A single vibrating string is echoed in a movie. A slow stroke on a cello’s base string created sound vibrations to accompany a movie scene. That resonance stayed with me long after the movie ended. Notes such as that suggested a foreboding event about unfold. Particular frequencies of piano, cello, and bassoon evoke emotions for me. These vibrations bring up feelings that quickly rise in my chest. I gasp to try to hold back tears. Why do musical vibration create this uncontrollable upwelling?
I have always been interested in how the background affects the foreground. Many collage pieces prove this. ( a sample accompanies this). I take away the busyness of a background to focus the viewer to the subject. The same holds true for photography. Choosing the background is as important as the subject. The background enhances the subject. That cello note vibrates right into my brain and releases a powerful feeling. I felt overwhelmed for a moment. It was a perfect communion of movie subject and music, combined to create a strong reaction.

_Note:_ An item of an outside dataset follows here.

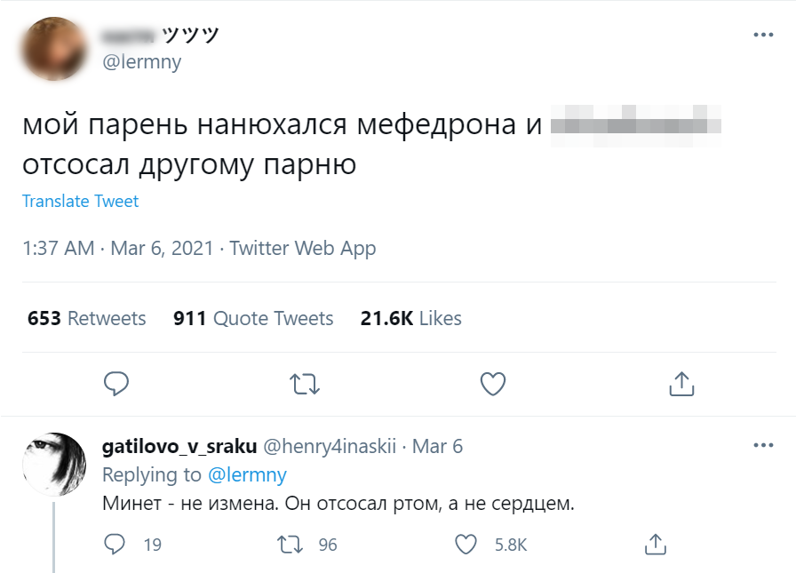 В ночь с 6 на 7 марта 19-летний юноша жестко расправился с 17-летней подругой в день ее рождения. Накануне преступления пара прославилась на весь русскоязычный Интернет. Девушка написала в «Твиттере», что ее парень под действием наркотика занялся оральным сексом с другим мужчиной. Указанный в записи наркотик известен тем, что обостряет сексуальное желание, которое становится почти невозможно контролировать. За это действие он прославился в среде наркотических оргий, которые называются «химсекс».

Every person reacts to vibrations differently. This same thing happens to me when I hear bagpipes. A shiver runs up my spine. Physical vibrations also fascinate me. Ripple marks at the beach. This could be considered music made visible. Circular waves from a pebble dropped in a placid pond; a cloud pattern called “Mackerel sky” called that because of the repeated stripes n the flanks of a fish by that name.

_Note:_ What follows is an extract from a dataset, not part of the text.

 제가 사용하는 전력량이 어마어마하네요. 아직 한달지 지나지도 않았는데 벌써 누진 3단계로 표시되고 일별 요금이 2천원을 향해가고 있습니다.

These examples are different from a cello note, they begin to open a door into a bigger picture. From the very beginning of the Universe, the first atom began vibrating. The motions of electrons around the nucleus, the beginning of light waves, earthquakes, tsunami’s, and countless other examples prove to me that we are inundated by a huge variety of vibrations.
While sitting on a chair in a library for a safe driving course, I suddenly felt my chair vibrate. I looked at the floor, it too was vibrating. It was an earthquake that occurred in the Hudson Valley. The vibrations from that event reached Long Island.

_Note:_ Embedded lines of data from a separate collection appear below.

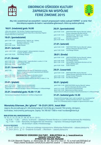 Ferie w Obornickim Ośrodku Kultury | Oficjalny serwis Gminy Oborniki Śląskie
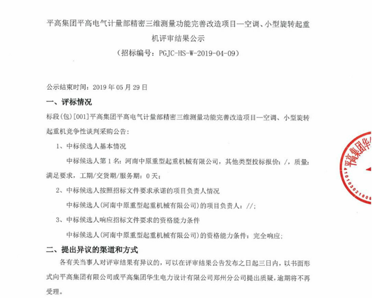 平高集團平高電氣計量部精密三維測量功能完善改造項目—空調、小型旋轉起重機評審結果公示
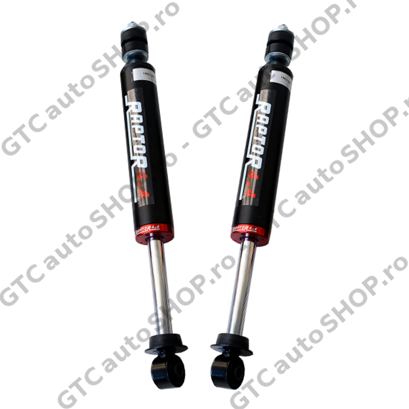Amortizoarele sunt vopsite in culoare neagra avand la capat inel de fixare rosu cu brandul Raptor 4x4.

Every sound comes from a vibration. Some of these have an astonishing impact on us. I love to hear the song of a Mourning Dove in the early morning. I love to hear the steady rhythmic beat of a drummer drumming.
According to Merriam Webster Dictionary:
Sympathetic vibration is “a vibration produced in one body by the vibrations of exactly the same period in a neighboring body.” To give a physics explanation of this essay is beyond my ability.
Back in the ‘60s the age of flower children, the phrase “good vibes” was popular. The opposite term “bad vibes” can be explained by the sensations we pick up from beyond our bodies that either make us feel good or bad. Let’s hope that each of us have only good vibes.